In another experiment, babies' sucking on a pacifier was recorded, and a picture was shown to them. When the sucking stopped, the picture disappeared. Babies were found to suck longer when the picture showed a familiar face than when it showed an unfamiliar one.

==Later research==
Later research has included the investigation of memory; communications development in young children with autism; intention;. In collaboration with neuroscientist Jean Decety, Meltzoff has started to investigate the neural mechanisms underpinning imitation empathy and gaze-following.

==Theory==
Based on his work on imitation, Meltzoff has developed the "like me" hypothesis of infant development. This involves three steps. First, there is an intrinsic, supramodal connection in the infant mind between observed acts and similar executed acts (the correspondence reported in the 1977 and 1983 studies cited above). Secondly, infants experience a regular association between their own acts and their own underlying mental states. This is based on everyday experience. Third, infants project their own internal experiences onto others performing similar acts. As a result, infants begin to acquire an understanding of other minds and their mental states (desires, visual perception and basic emotions, for instance).

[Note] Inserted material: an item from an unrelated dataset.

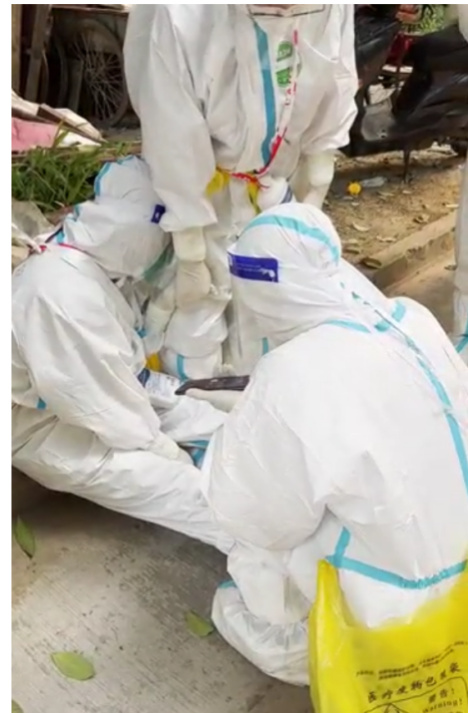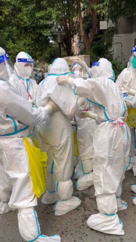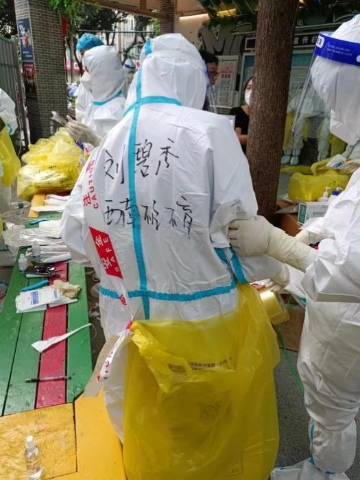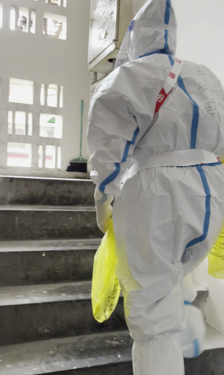 在支援核酸采样队伍中,有人去过10多批次,有人因连日劳累晕倒在采样路上。已经连续上了战疫一线6天的秦攀虹说:“最辛苦的是去老小区上门采集核酸,需要爬楼梯一层层上去,穿着厚厚的防护服有点缺氧的感觉,很难受,当爬上六楼的时候人都感觉是晕的。但每当听到他们说一句‘谢谢’,就像给我们加油一样,让我们能继续爬!”

This hypothesis suggests that it is imitation that is inborn, and the understanding of other's mental states is a consequence. Other researchers have suggested the opposite, that imitation is a consequence of an understanding of others. But Meltzoff's early imitation studies clearly favor the former possibility.

==Honors==
- National Institutes of Health MERIT Award
- Outstanding Research Award, Society for Developmental and Behavioral Pediatrics
- 2005: Kenneth Craik Award in Psychology, Cambridge University, England
- 2011: Presented the Paul B. Baltes Lecture at the Berlin-Brandenburg Academy of Sciences and Humanities
- Member of the Norwegian Academy of Science and Letters.
- 2016: Kurt Koffka Medal of Giessen University

==Selected works==
- Meltzoff, A.N., & Moore, M.K. (1977). Imitation of Facial and Manual Gestures by Human Neonates. Science, 198, 75-78.
- Meltzoff, A.N., & Borton, R.W. (1979). Intermodal matching by human neonates. Nature, 282, 403-404]
- Gopnik, A., & Meltzoff, A. N. (1997). Words, thoughts, and theories. Cambridge, MA: MIT Press. ISBN 0-262-57126-9
- Gopnik, A., Meltzoff, A.N., & Kuhl, P.K. (2000). The scientist in the crib: What early learning tells us about the mind. New York: HarperCollins. ISBN 0-688-17788-3
- Meltzoff, A.N., & Prinz, W. (2002), Eds. The imitative mind: Development, evolution, and brain bases. Cambridge, England: Cambridge University Press. ISBN 0-521-80685-2
- Meltzoff, A.N., & Decety, J. (2003). "What imitation tells us about social cognition: A rapprochement between developmental psychology and cognitive neuroscience." The Philosophical Transactions of the Royal Society of London, 358, 491–500.
- Meltzoff, A.N. (2005). Imitation and other minds: The 'Like Me' hypothesis. In S. Hurley & N. Chater (Eds.), Perspectives on imitation: From cognitive neuroscience to social science (pp. 55-77). Cambridge: MIT Press.